Шрифт:
Каждое утро автобус привозил галдящих учащихся в поле. Обед готовила девушка с длинными черными косами. Ее ждали с самого утра. В большой алюминиевый котел опускался половник, и в миске оказывалась горячая похлебка. Когда подходила очередь Шагита, он смотрел, как ее черные косы болтаются над котлом, боялся, что туда упадет волос. Получив обед, Шагит отходил в сторону, нюхал, рассматривал, потом только осторожно ел.
С полевой поварихой Шагит однажды пошел гулять. Потом еще раз, потом еще… Они почти ни о чем не говорили, просто бродили близ деревни. Их пару раз видели ее родители и тихо радовались. Глазау девушки были черные, как и ее косы. Они с Шагитом являли собой два полных противоречия: он, хоть и вырос в деревне, уже давно стал городским, а она никуда еще не выезжала. Их объединяла какая-то непонятная, несвойственная молодым печаль.

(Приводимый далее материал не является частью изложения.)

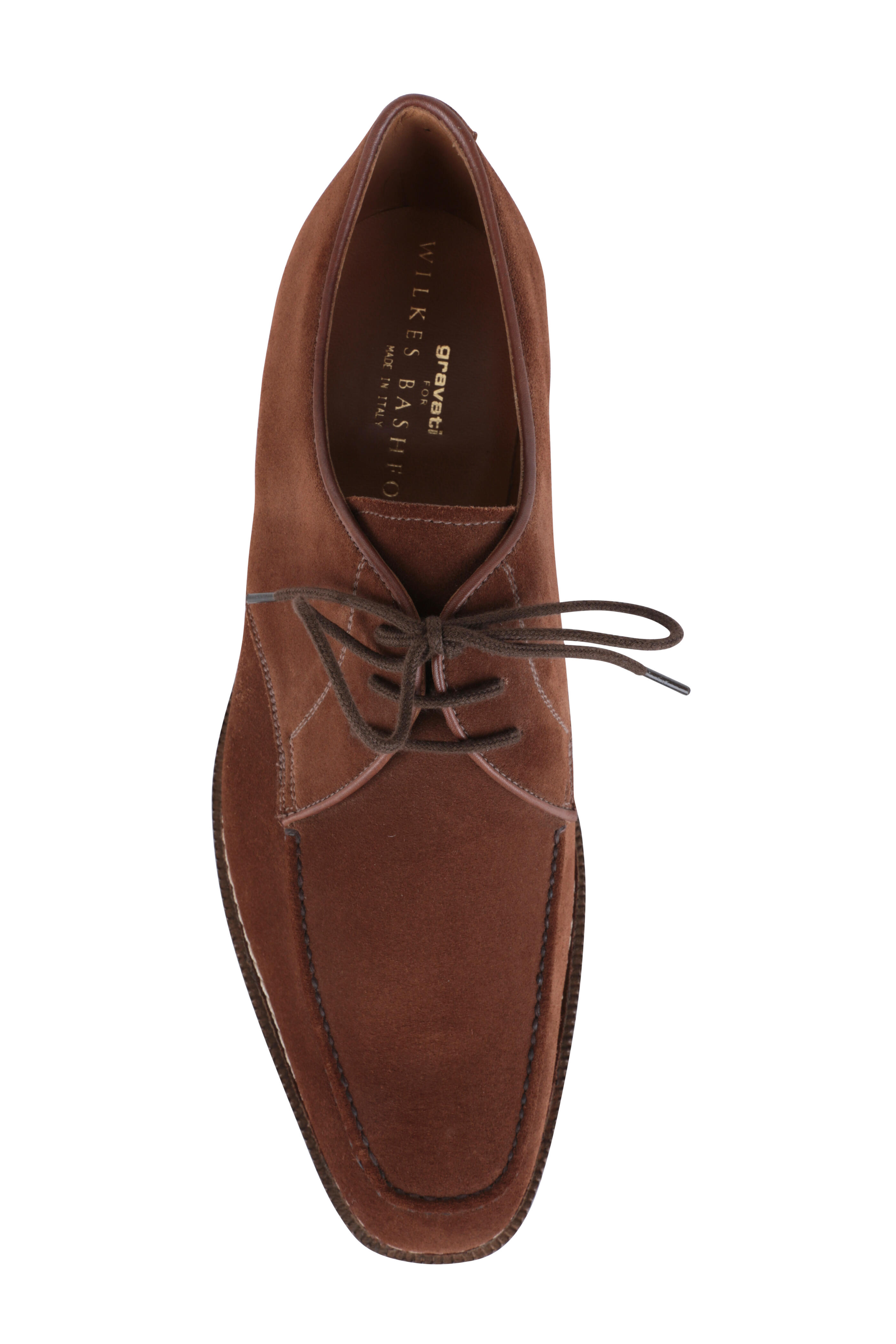 Suede upper. Tapered toe. Three eyelet lace up closure. Leather lining and insole. Stacked heel. Goodyear rubber sole. Made in Italy. 23/25 moustache sole goodyear construction.

Шагит фотографировал полевую повариху в саду. Эти фотографии хранятся и по сей день: девушка ест яблоки, сидя на дереве; стоит, обнимая худенький ствол; сидит под яблоней, а ее легкая широкая юбка раскинулась на желтеющей траве. Шагит купал бумажки в темной комнате и дарил девушке фотографии. Скоро их накопилась целая пачка.
Однажды стряпуха рассказала ему, что в детстве нечаянно убила свою младшую сестру. Мать отправила восьмилетнюю девочку одну с трехлетним дитем на базар в надежде, что ребенка с ребенком пожалеют, проникнутся сочувствием и дадут больше, чем позволяют деньги. Была поздняя осень, старшая сестра, толкая впереди себя самодельную тележку с ребенком, спустилась к озеру поиграть с другими детьми. Не уследила – малышка залезла в воду. Вместо того чтобы бежать домой, девочка, боясь, что ее отругает мама, долго еще ходила по улицам с мокрой сестрой, надеясь, что та высохнет. Ребенок подхватил воспаление легких и вскоре умер.

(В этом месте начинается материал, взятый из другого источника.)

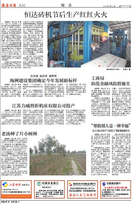 我縣主流媒體《海安日報》也做了相關(guān)報道。

После этого рассказа Шагит решил жениться на ней. Только перед свадьбой он узнал, что однажды она уже почти вышла замуж, но от нее в последний момент отказались. А она отказалась быть матерью без мужа. Шагита это не остановило, он взял и женился на ней с угрозой пожизненной бездетности.
Полюбил ли он ее? Да и она не особо стремилась выйти за него замуж. Ей не хотелось второго позора. Они сыграли свадьбу, короткую и довольно тихую, без разгула и широты, и уехали.
Она увезла с собой пачку фотографий, два платья и огромную подушку, битком набитую гусиным пухом, – свое приданое.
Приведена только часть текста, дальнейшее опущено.